(Records from a data source)
┏━━
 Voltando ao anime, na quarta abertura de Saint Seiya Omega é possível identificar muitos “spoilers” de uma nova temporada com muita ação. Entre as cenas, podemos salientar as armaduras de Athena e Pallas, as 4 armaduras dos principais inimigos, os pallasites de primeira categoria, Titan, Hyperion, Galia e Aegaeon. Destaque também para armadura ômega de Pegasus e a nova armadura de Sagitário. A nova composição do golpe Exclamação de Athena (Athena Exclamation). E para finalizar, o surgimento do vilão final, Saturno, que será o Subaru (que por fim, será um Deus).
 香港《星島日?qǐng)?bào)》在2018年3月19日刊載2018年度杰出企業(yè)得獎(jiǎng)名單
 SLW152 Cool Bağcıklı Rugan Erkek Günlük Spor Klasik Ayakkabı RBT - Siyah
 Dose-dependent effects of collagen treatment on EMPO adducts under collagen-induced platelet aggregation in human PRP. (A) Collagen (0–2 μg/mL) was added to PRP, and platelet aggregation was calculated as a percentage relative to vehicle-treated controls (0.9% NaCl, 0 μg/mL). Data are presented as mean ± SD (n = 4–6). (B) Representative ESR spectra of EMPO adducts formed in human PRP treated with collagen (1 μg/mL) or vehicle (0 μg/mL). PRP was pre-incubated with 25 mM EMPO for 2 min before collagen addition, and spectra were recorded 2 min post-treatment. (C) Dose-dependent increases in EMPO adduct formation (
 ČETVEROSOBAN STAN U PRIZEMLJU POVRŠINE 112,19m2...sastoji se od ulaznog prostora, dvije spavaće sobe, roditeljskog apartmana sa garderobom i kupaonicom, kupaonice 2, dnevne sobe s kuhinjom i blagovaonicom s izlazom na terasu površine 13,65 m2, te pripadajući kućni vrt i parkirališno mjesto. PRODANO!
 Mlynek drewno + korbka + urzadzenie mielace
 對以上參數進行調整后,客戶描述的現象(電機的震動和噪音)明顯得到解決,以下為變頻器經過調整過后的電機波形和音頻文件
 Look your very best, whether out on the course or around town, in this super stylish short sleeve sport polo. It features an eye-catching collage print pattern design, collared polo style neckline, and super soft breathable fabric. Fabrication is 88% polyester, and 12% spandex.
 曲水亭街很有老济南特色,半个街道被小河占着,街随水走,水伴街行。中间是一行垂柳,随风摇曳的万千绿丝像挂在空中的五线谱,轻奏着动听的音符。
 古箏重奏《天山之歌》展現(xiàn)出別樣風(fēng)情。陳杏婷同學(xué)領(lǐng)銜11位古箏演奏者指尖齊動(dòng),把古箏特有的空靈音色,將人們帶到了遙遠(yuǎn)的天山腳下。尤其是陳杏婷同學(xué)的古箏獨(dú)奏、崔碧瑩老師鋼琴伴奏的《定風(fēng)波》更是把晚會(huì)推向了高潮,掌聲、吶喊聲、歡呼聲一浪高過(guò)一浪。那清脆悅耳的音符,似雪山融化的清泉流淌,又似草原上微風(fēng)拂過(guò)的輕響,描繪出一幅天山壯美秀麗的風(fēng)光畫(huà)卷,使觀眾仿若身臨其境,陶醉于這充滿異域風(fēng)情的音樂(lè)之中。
┗━━
WHAT YOU ARE ASKED TO DO: In the entries above, find the line with "曲水亭街很有老济南特色,半个", then retype it and every line after it exactly.

RESULT OF THIS EXERCISE:
 曲水亭街很有老济南特色,半个街道被小河占着,街随水走,水伴街行。中间是一行垂柳,随风摇曳的万千绿丝像挂在空中的五线谱,轻奏着动听的音符。
 古箏重奏《天山之歌》展現(xiàn)出別樣風(fēng)情。陳杏婷同學(xué)領(lǐng)銜11位古箏演奏者指尖齊動(dòng),把古箏特有的空靈音色,將人們帶到了遙遠(yuǎn)的天山腳下。尤其是陳杏婷同學(xué)的古箏獨(dú)奏、崔碧瑩老師鋼琴伴奏的《定風(fēng)波》更是把晚會(huì)推向了高潮,掌聲、吶喊聲、歡呼聲一浪高過(guò)一浪。那清脆悅耳的音符,似雪山融化的清泉流淌,又似草原上微風(fēng)拂過(guò)的輕響,描繪出一幅天山壯美秀麗的風(fēng)光畫(huà)卷,使觀眾仿若身臨其境,陶醉于這充滿異域風(fēng)情的音樂(lè)之中。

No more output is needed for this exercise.